Begin your copy at the line with "2月9日,生意社轻质纯碱基准" in the records below and end it at the line with "In this scenario, we", restating each line word for word; omit the pictures.

Task material:
● ● ●

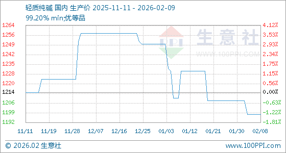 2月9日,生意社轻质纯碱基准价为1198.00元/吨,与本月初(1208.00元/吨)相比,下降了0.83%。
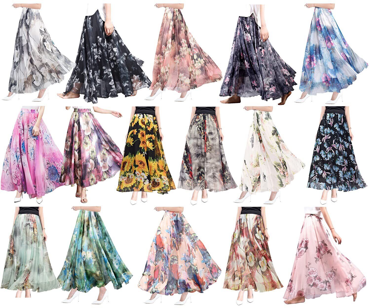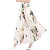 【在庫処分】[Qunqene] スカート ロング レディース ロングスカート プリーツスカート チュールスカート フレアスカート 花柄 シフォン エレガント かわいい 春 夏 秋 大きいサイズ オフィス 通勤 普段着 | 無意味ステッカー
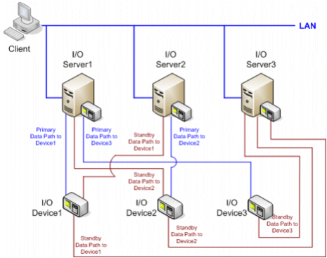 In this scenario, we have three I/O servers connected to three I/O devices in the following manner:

● ● ●

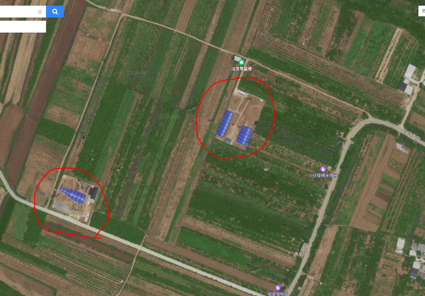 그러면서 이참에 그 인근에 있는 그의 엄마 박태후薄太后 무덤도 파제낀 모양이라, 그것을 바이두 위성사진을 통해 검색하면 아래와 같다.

● ● ●

Your solution:
 2月9日,生意社轻质纯碱基准价为1198.00元/吨,与本月初(1208.00元/吨)相比,下降了0.83%。
 【在庫処分】[Qunqene] スカート ロング レディース ロングスカート プリーツスカート チュールスカート フレアスカート 花柄 シフォン エレガント かわいい 春 夏 秋 大きいサイズ オフィス 通勤 普段着 | 無意味ステッカー
 In this scenario, we have three I/O servers connected to three I/O devices in the following manner:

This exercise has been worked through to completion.